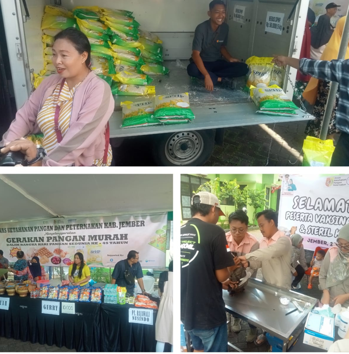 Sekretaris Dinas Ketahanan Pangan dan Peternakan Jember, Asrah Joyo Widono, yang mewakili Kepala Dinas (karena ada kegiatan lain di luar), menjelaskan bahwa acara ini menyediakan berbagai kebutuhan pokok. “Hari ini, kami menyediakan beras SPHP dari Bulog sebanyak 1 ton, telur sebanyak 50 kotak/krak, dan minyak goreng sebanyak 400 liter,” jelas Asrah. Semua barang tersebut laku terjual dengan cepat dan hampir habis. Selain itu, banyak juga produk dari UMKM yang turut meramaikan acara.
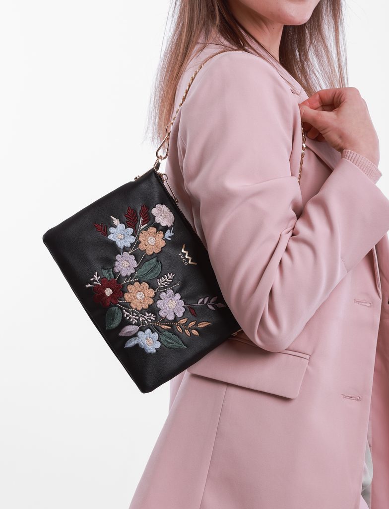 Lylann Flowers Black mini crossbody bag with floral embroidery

++++++++++

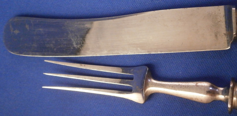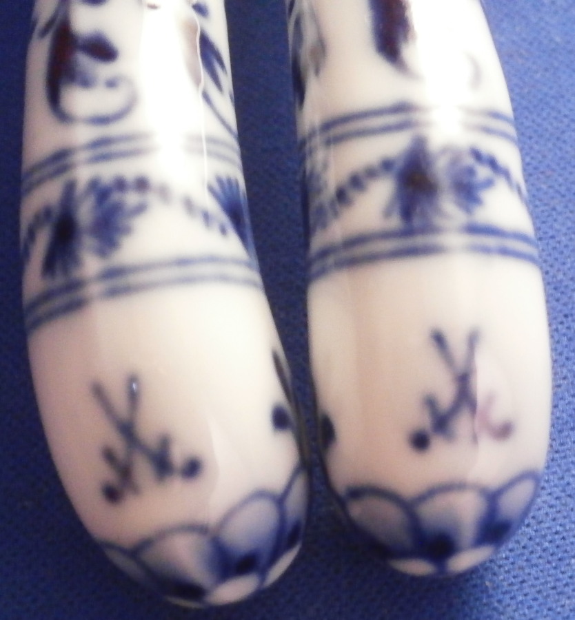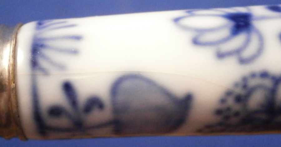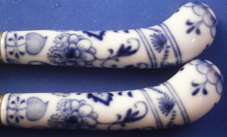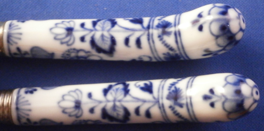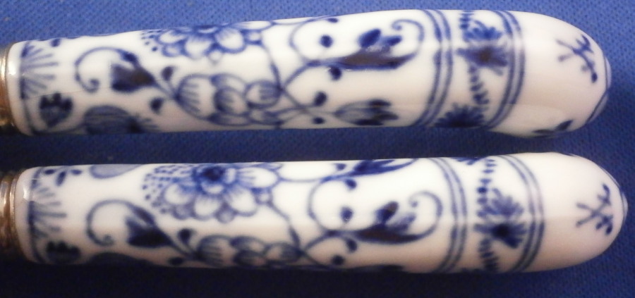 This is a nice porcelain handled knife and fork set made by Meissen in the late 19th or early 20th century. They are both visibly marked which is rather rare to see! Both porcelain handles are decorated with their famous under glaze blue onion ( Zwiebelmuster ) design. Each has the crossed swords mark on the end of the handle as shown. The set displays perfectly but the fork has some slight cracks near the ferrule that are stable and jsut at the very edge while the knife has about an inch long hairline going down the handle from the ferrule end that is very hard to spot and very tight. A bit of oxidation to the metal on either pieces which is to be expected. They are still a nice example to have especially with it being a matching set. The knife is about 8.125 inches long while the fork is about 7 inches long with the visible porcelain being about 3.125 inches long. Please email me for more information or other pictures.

++++++++++

◆ Assigned task: Going by the data above, the answer is exactly the lines from the one holding "Sekretaris Dinas Ketahanan" to the one holding "Lylann Flowers Black", both kept, with the pictures left out.

◆ Result of the exercise:
 Sekretaris Dinas Ketahanan Pangan dan Peternakan Jember, Asrah Joyo Widono, yang mewakili Kepala Dinas (karena ada kegiatan lain di luar), menjelaskan bahwa acara ini menyediakan berbagai kebutuhan pokok. “Hari ini, kami menyediakan beras SPHP dari Bulog sebanyak 1 ton, telur sebanyak 50 kotak/krak, dan minyak goreng sebanyak 400 liter,” jelas Asrah. Semua barang tersebut laku terjual dengan cepat dan hampir habis. Selain itu, banyak juga produk dari UMKM yang turut meramaikan acara.
 Lylann Flowers Black mini crossbody bag with floral embroidery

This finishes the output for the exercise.